Faith that Becomes Action
More secrets of Heaven's invisible currency
Faith is the invisible access point to the most tangible place in the Universe: the throne room of God. If we choose to believe, and I don’t mean belief in wishful wanderings, human hopes or devilish divinations. I mean if we choose to believe in the Maker of Heaven and Earth. The Bible tells us that kind of faith, a true certainty that God exists, and that He rewards those who earnestly seek Him. If we believe in that God, Yahweh, the Original and only true God. If we believe in Him, we will gain access to an eternal life that comes with fellowship and glory unthinkable.
Now this is eternal life: that they know you, the only true God, and Jesus Christ, whom you have sent. John 17:3
In other words, the invitation into eternal life starts right here, right now. On Earth, not in Heaven. It is present tense, not future. It is everlasting living today, not wishful thinking about tomorrow. And that is fantastic news, good news actually. That is the Gospel, Jesus enters our lives now and changes us forever.
Do you know the invisible God? If you’ve wrestled and torn yourself apart wondering this, here is the good news: you are on the path.

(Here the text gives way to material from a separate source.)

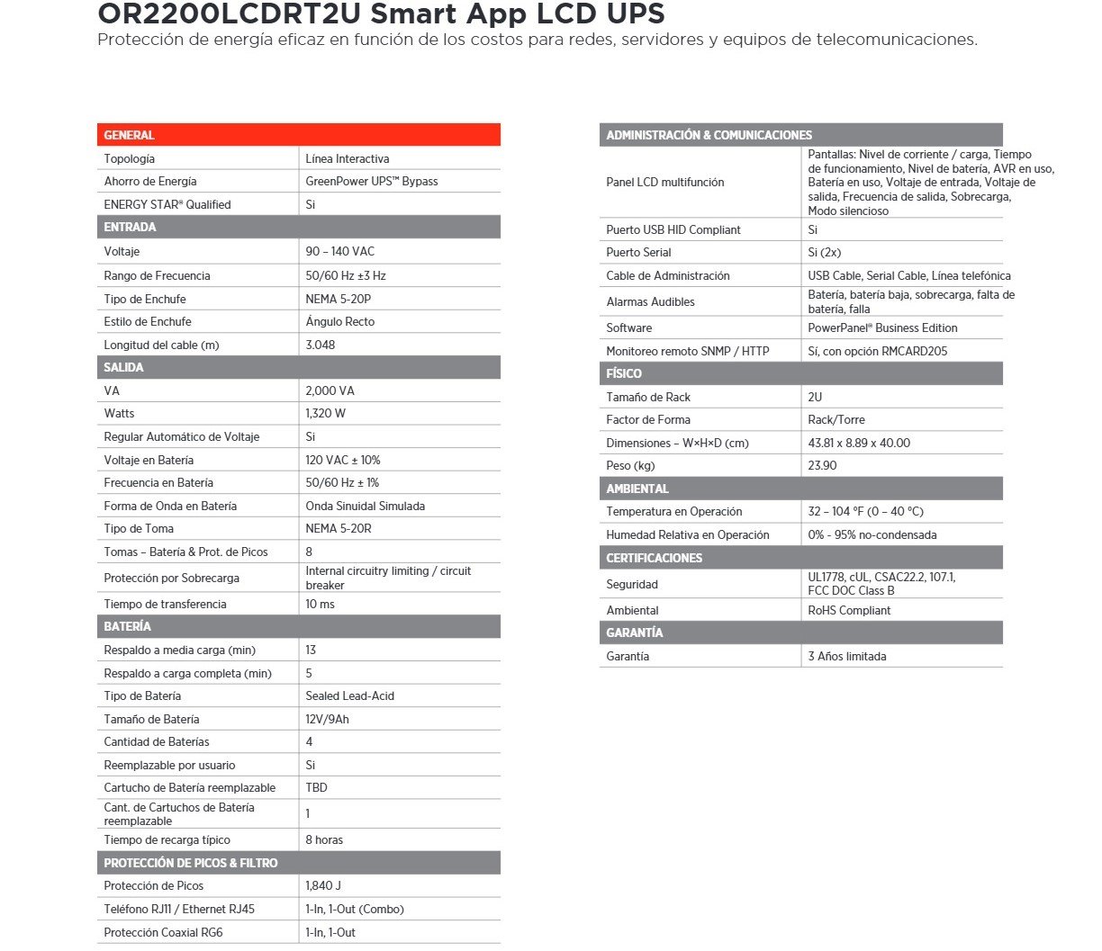 Sé el primero en valorar “No Break CyberPower OR2200LCDRT2U / Pantalla LCD Smart App / 1320W / 2000VA / 8 Contactos NEMA 5-20R / Limitación De Voltaje Interna, Disyuntor / Negro”
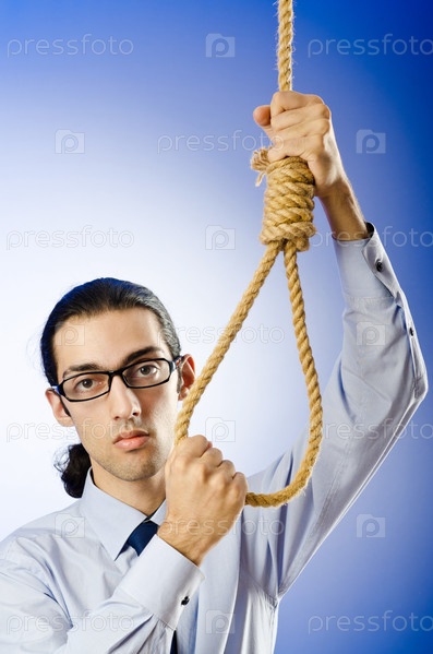 Серьезный мужчина держится за петлю

A soul doesn’t crave the certain knowledge and answer to this question, “Do I have eternal life?” Unless you are on the path to Salvation. Maybe like I did as a kid grappling with eternal questions, you prayed the sinner’s prayer over and over just to make sure. Maybe you groaned inwardly time and again as you wrestled through long lost hours of sleep. Or maybe you just came to a saving faith with quiet confidence. If so, you’re the few and the elect who had such a gift of Faith from on high that you just knew that you knew the first time that you knew.
Faith is knowing. If you have the gift there will come a certainty along with it, even if you wrestle. It’s invisible currency that brings tangible certainty. And it’s designed to leave us with a daily challenge to cast off doubt and choose to believe. Because every single day we must take up our cross and follow Christ.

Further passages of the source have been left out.